I am using data found at http://www.inalitic.com/datasets/nhl%20player%20data.html The data contains 22 categories of offensive statistics in the NHL for every season from 1940 to 2018.
I have had a lifelong interest in NHL hockey and have always been under the impression that players who rack up more offensive categories are more likely to score more points (goals and assists) in a season. I also suspect these players are more likely be on the team that wins the Stanley Cup.
To capture and analyze seasons of data from 1999-2018 to confirm or deny my impression that players who achieve higher offensive statistics lead to more goals and assists scored. I also want to explore how other factors, like a player's position, age, shots taken, and time-on-ice, may or may not result in higher points scored in each season.
I hope to identify any positive or negative significant patterns and correlations between 'Goals', 'Assists', and 'Points' and the following NHL offensive statistics: 'Season', 'Age', 'Team', 'Position', 'Games Played', 'Shots', 'Shot Percentage', 'Time-On-Ice', 'Blocks', and 'Hits'. More specifically, I hope to learn about which of the aforementioned offensive categories may or may not correlate to earning more 'Goals' and 'Assists' ('Points') in any given season.
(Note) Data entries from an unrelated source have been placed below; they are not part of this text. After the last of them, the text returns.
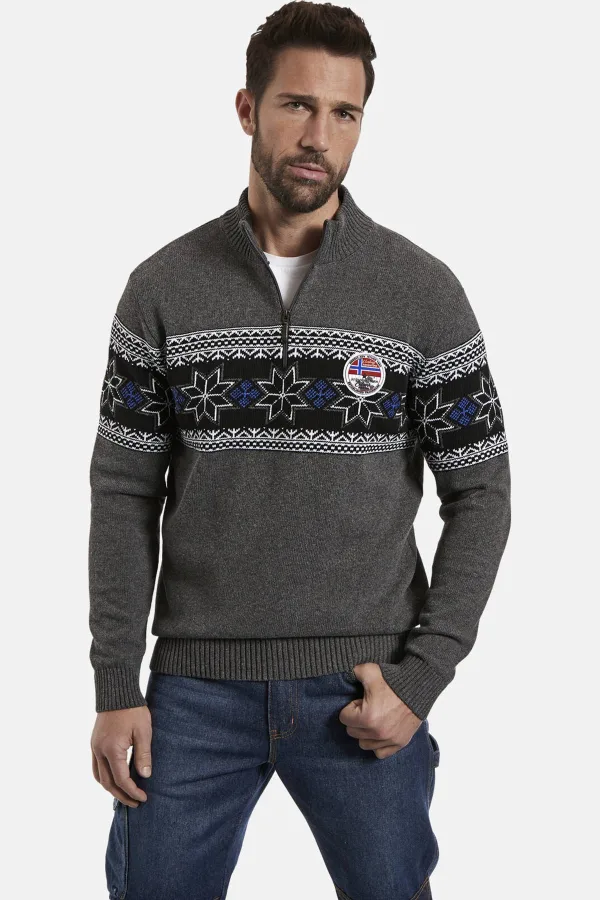 JAN VANDERSTORM is uw expert voor herenmode in grote maten.Op zoek naar een spectaculaire bestemming voor een ontspannen bergwandeling? Dan beveelt JAN VANDERSTORM Holmenkollen bij Oslo aan – en ook de bijbehorende trui EERU. Ten eerste: Holmenkollen is gemakkelijk te beklimmen, want hij is slechts 371 meter hoog. Ten tweede: in Holmenkollen staat ook de oudste skischans ter wereld en een bezienswaardig biatlon- en langlaufstadion. En ten derde: bij de trui EERU bewijst het ingebreide Noorse patroon aan de voorkant en boven aan de mouwen dat u een echte Scandinavië-fan bent. EERU is goed bestand tegen de wind met zijn geribde schipperskraag met ritssluiting en geribde zoom en mouwboorden. En met de vlag op de patch op de borst maakt EERU aan iedereen duidelijk waar uw hart voor klopt: voor Noorwegen en voor JAN VANDERSTORM. 50% katoen, 50% polyacryl. Geschikt voor de wasmachine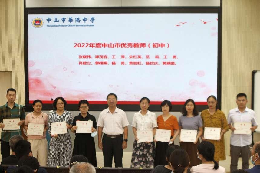 會(huì)上,校黨委委員、副校長周紅梅、朱愛東分別宣讀了表彰名單。2022年,我校龔瀚慧老師獲評(píng)中山市師德標(biāo)兵;張曉偉、于洋等52名老師獲評(píng)中山市優(yōu)秀教師。校黨委書記、校長高毅為獲獎(jiǎng)老師頒獎(jiǎng)。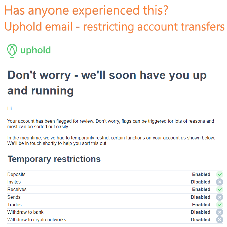 - 12/24/22 received initial email from Uphold with temporary restrictions (withdrawals not allowed)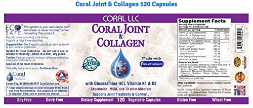 BioCell Collagen® and Glucosamine HCI with Vitamins K1 & K2 to support joint flexibility and comfort*. An advanced formula featuring ingredients crucial to the maintenance of joints, Coral Joint & Collagen combines BioCell Collagen, Glucosamine HCI, Chondroitin, MSM and a host of other important vitamins and minerals to target specific functions related to healthy movement. Veggie capsules offer 400 mg of BioCell Collagen, a clinically-tested dietary ingredient that may help promote active joints and healthy connective tissues, among other benefits*, and 1,500 mg of Glucosamine HCI, a key building block of cartilage-the "cushion" that surrounds the joints. Coral Joint & Collagen also adds vitamins K1 and K2, essential for healthy arteries and bones, and Coral's proprietary blend of 74 bio-available coral minerals.Feature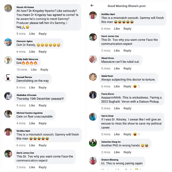A poster of the programme has been posted and has sent many Ghanaians reacting. Many feel that this is a mismatch. They have wondered why Metro TV and Good Morning Ghana will pair these 2 panelists. This is not the first time Sammy is clashing with Dr. Nyarko and the former has virtually won on all occasions. Check out some of the reactions to the pairing for this morning’s discussion.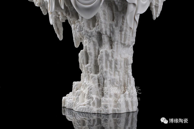 作品巖石雕刻精細(xì)且逼真,巖石凹凸奇兀,手法不落俗套,別具匠心,仿佛見(jiàn)觀音坐立于山巖之上普觀眾生,作品傳承明代“瓷圣何朝宗 ”的藝術(shù)手法及韻味,實(shí)屬一件難得佳作。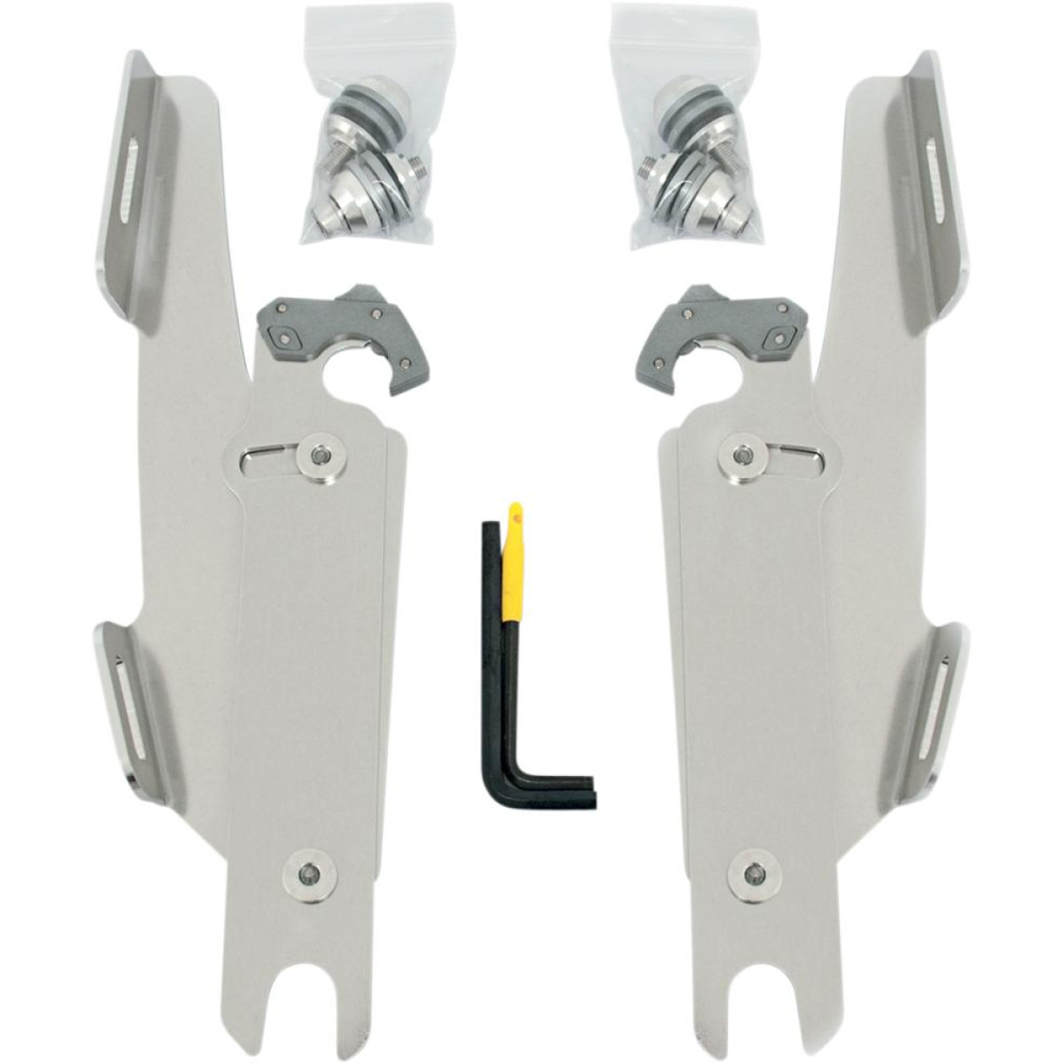 No-Tool Trigger-Lock mounting kits for Memphis Shades Windshields and Fairings. Gone are the days of fumbling with tools to remove your windshield. The revolutionary No-Tool Trigger-Lock hardware features an innovative system that allows you to quickly and easily remove your windshields without the use of any tools. A pair of latches lock the windshield down until the spring loaded “trigger locks” are intentionally disengaged, allowing the rider to remove the windshield. Hardware is fully adjustable to achieve just the right windshield angle. Kits are available in a combination of CNC-machined aluminum plates, stainless steel bolts and aluminum anchors, or black E-coated plates, bolts and anchors. Kits are custom-fit to each style of bike for a truly no-hassle installation. Made in the U.S.A.

I also hope to learn about whether or not blocks and hits correlate with higher goals, assists, and points earned and which seasons and positions tallied the most goals and assists (points). I would also like to explore which position typically scores more goals and assists in a season.
I have a hunch this data will reveal that players who earn higher offensive stats in categories like 'Games Played', 'Shots', and 'Time-On-Ice' are typically more likely to score more 'Goals' and 'Assists' ('Points') in a season than players who earn less in these categories. Also, based on the nature of each position, I have a hunch that left-wing (LW) and right-wing (RW) positions will score the most goals, centers (C) will earn the most assists, and defensemen (D) and centers (C) will earn the most 'Blocks and 'Hits' per season. I also have a hunch that 'Blocks' and 'Hits' will correlate less with 'Goals' and 'Assists' ('Points') earned in a season with the exception of a few outlier players.
The population being represented is every NHL player from 1940-2018 who earned at least one offensive statistic in one category.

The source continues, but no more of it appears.